Yeah, I'm not waiting for fall 2005. I have Bard and Hunter college, and New school university that do accept first years in January. And I just need to to know the basics of filmmaking and screenwriting..I plan on transfering to UCLA or similar later on.


----------



## DoubleIT (Jan 3, 2005)

Rushing into spending 15-30 grand a year isnt a good thing. Why cant you wait? Doing it this way is a good way to throw away money...


----------



## titaniumdoughnut (Jan 3, 2005)

sorry, i'm really not the person to help, as i know fairly little, but don't the schools that accept entering freshmen in the spring require you to apply around summer of the year before?


----------



## One_Girl_Revolution (Jan 6, 2005)

What's the rush? I've been out of school for 6 months against my will. I miss school so much! I couldn't possibly wait any longer.

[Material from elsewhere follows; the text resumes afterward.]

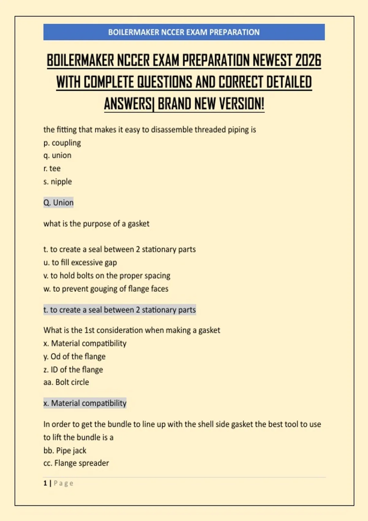 BOILERMAKER NCCER EXAM PREPARATION NEWEST 2026 WITH COMPLETE QUESTIONS AND CORRECT DETAILED ANSWERS| BRAND NEW VERSION!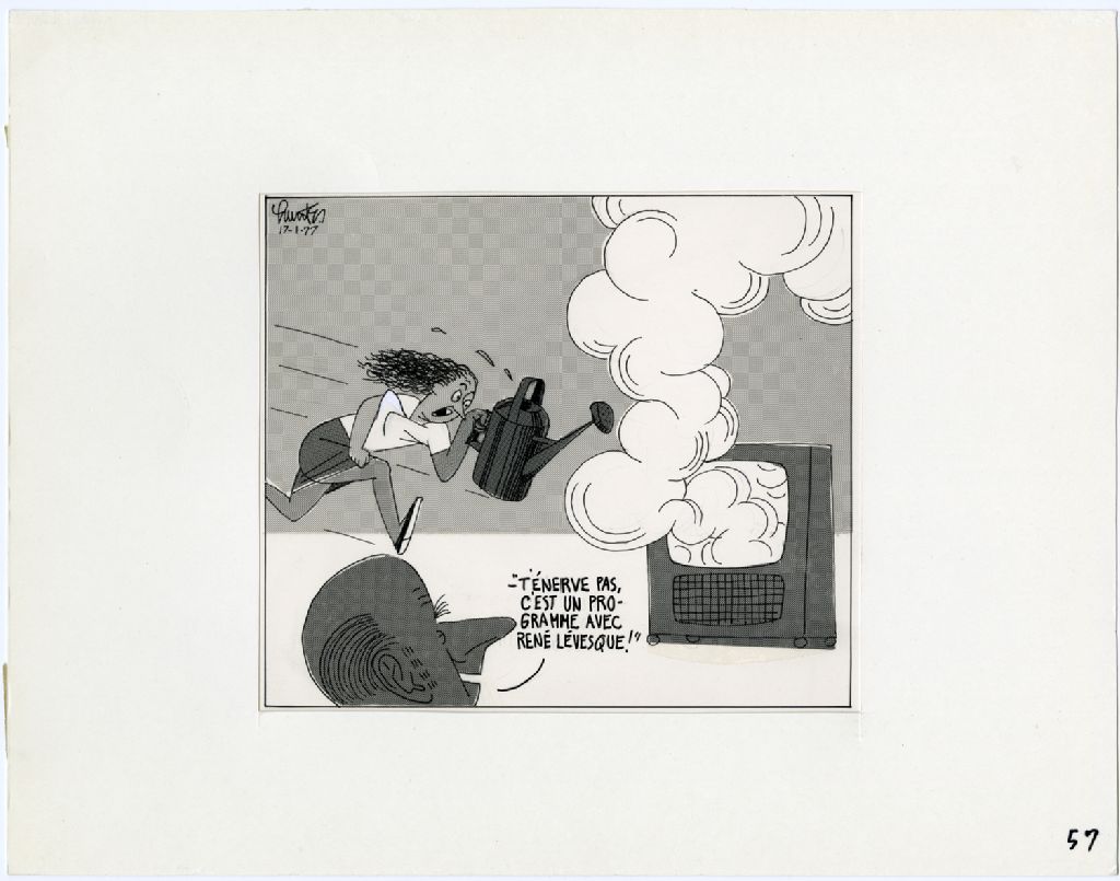 «T'énerve pas, c'est un programme avec René Lévesque!», 17 janvier 1977, Archives nationales à Québec, Fonds Raoul Hunter, (03Q,P716,S1,P77-01-17), Raoul Hunter.

Anyway, I found one that has what I'm looking for the next two years of my life and it is really cheap.($5,000 a year)
Brooklyn College
The Film Department of Brooklyn College is the only public undergraduate department of film production and film studies in the New York area, integrating both forms of study in all concentrations offered. We offer two programs of undergraduate study. Students seeking an undergraduate degree may earn a Bachelor of Arts in Film with a concentration in the following fields: Film Production Film Studies Screenwriting Producing Film Marketing Students who wish to focus on filmmaking exclusively may take the 2-year Certificate Program in Film Production Students enrolled in the Film Production and Producing concentrations receive technical training in directing, screenwriting, production management, editing, cinematography, sound design, and animation. Our Screenwriting concentration is the only undergraduate liberal arts-based screenwriting program in the country. Our Film Marketing major is also a unique program, offering concentrated study in the marketing, promotion and distribution of film and media. Film Studies majors explore American and international cinemas, a variety of film genres, the history of film, and film theory. All of our majors take electives in the film studies area, and many Film Studies majors take film production courses. All majors receive practical film industry-related study in all concentrations. Through courses in other departments, film majors receive a first-rate liberal arts education as well. The 30-credit Certificate Program in Film Production is a low-cost alternative providing the same high-quality filmmaking courses available in many private or public graduate programs. The Certificate Program may be taken by students who already have a college degree or by those who do not wish to earn one. If a student later decides to enroll for a degree, those credits may be applied to it. NOTE: We do not offer a master's program in film at this time, however, those interested in pursuing a career in film production may be interested in the Certificate Program. The Certificate program is considered undergraduate study and is primarily designed for those individuals who already hold a bachelor's degree in another field of study but wish to study filmmaking. We are currently developing a master's curriculum in film for the future.


----------